A few notes on agreement between raters.
Cohen’s \(\kappa\) can be used for agreement between two raters on categorical data. The basic calculation is
\[ \kappa = \frac{p_a - p_e}{1 - p_e}, \]
where \(p_a\) is the percentage observed agreement and \(p_e\) is the percentage expected agreement by chance. Therefore \(\kappa\) is what percentage of the agreement over chance is observed.
Fleiss’ \(\kappa\) is an extension to more than two raters and has a similar form.
A major flaw in either \(\kappa\) is that for ordinal data, any disagreement is treated equal. E.g. on a Likert scale, ratings of 4 and 5 are just as disagreeable as ratings of 1 and 5. Weighted \(\kappa\) addresses this by including a weight matrix which can be used to provide levels of disagreement.
ICC is used for continuous measurements.

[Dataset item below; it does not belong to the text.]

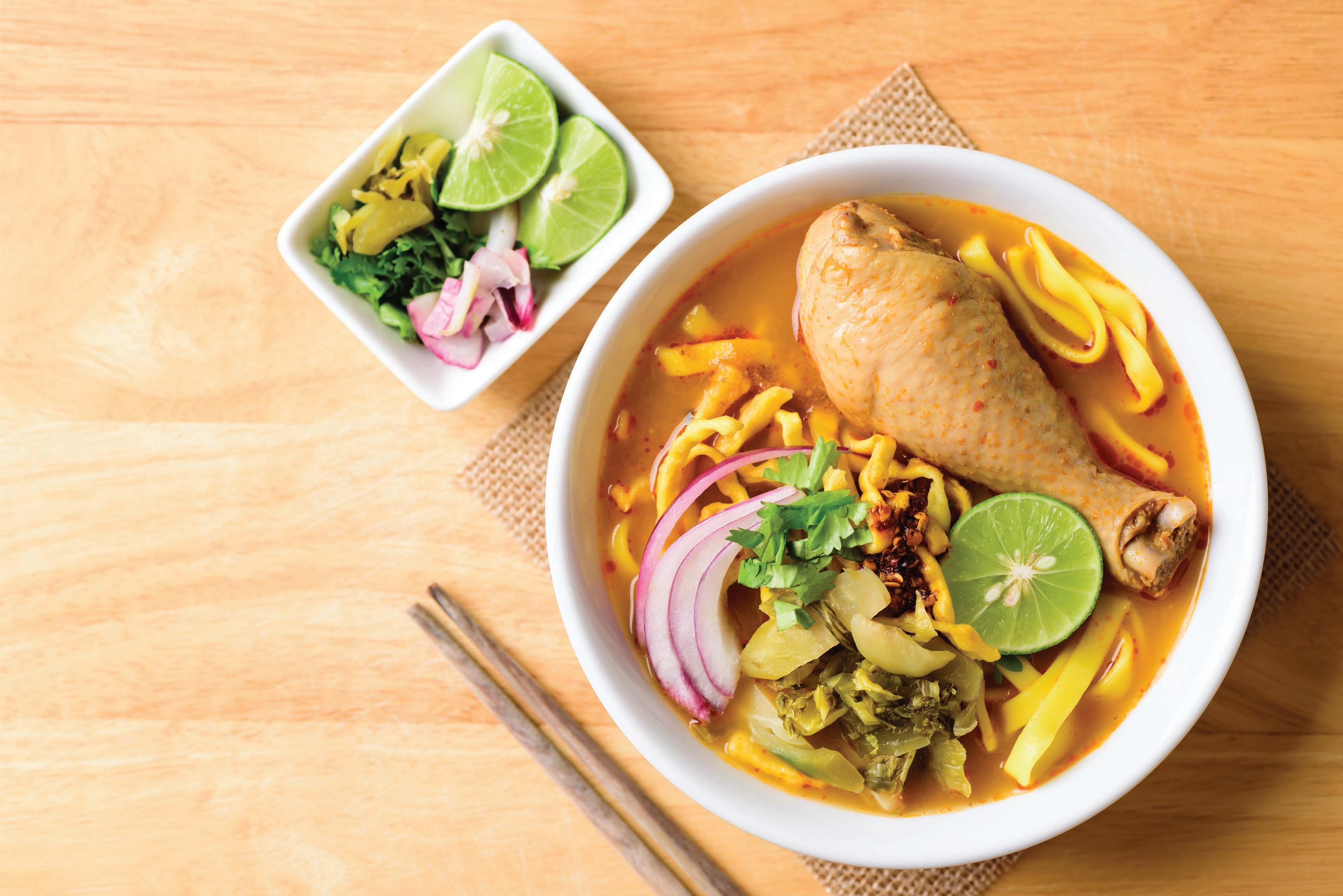 Slow cooked rice porridge with minced pork or chicken served with ginger and spring onion

It can be used in place of weighted \(\kappa\) with ordinal variables of course. The basic calculation is
\[ ICC = \frac{\sigma^2_w}{\sigma^2_w + \sigma^2_b}, \]
where \(\sigma^2_w\) and \(\sigma^2_b\) represent within- and between- rater variability respectively. Since the denominator is the total variance of all ratings regardless of rater, this fraction represents the percent of total variation accounted for by within-variation.

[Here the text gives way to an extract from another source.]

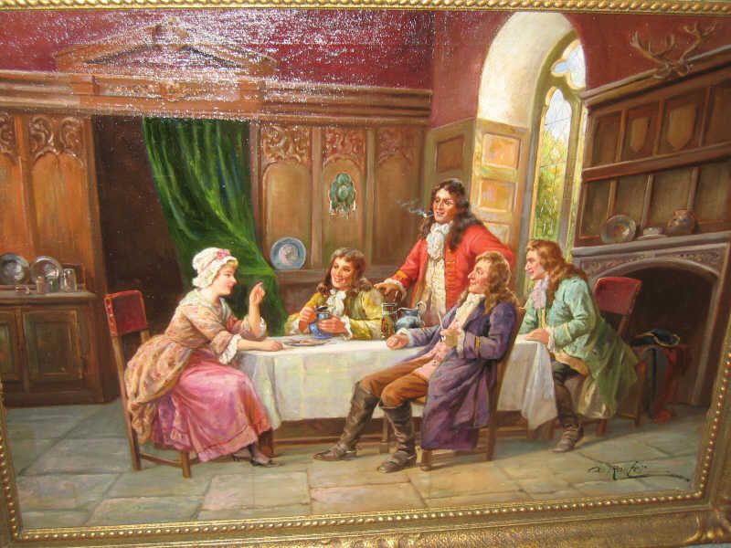 Elegantly dressed figures in an interior setting

The modern way to estimate the ICC is by a mixed model, extracting the \(\sigma\)’s that are needed.
Use the Orthodont
data from nlme
as our example. Look at distance
measurements and look at correlation by Subject
.
library(nlme)
library(lme4)
data(Orthodont)
nlme
Using the nlme
package, we fit the model:
fm1 <- lme(distance ~ 1, random = ~ 1 | Subject, data = Orthodont)
summary(fm1)
## Linear mixed-effects model fit by REML
## Data: Orthodont
## AIC BIC logLik
## 521.3618 529.3803 -257.6809
##
## Random effects:
## Formula: ~1 | Subject
## (Intercept) Residual
## StdDev: 1.937002 2.220312
##
## Fixed effects: distance ~ 1
## Value Std.Error DF t-value p-value
## (Intercept) 24.02315 0.4296606 81 55.91192 0
##
## Standardized Within-Group Residuals:
## Min Q1 Med Q3 Max
## -3.2400448 -0.5277439 -0.1072888 0.4731815 2.7687301
##
## Number of Observations: 108
## Number of Groups: 27
The between-effect standard deviation is reported as the Residual StdDev
. To obtain the ICC, we compute each \(\sigma\):
s2w <- getVarCov(fm1)[[1]]
s2b <- fm1$s^2
c(sigma2_w = s2w, sigma2_b = s2b, icc = s2w/(s2w + s2b))
## sigma2_w sigma2_b icc
## 3.7519762 4.9297832 0.4321677
lme4
Using the lme4
package, we fit the model:
fm2 <- lmer(distance ~ (1 | Subject), data = Orthodont)
summary(fm2)
## Linear mixed model fit by REML ['lmerMod']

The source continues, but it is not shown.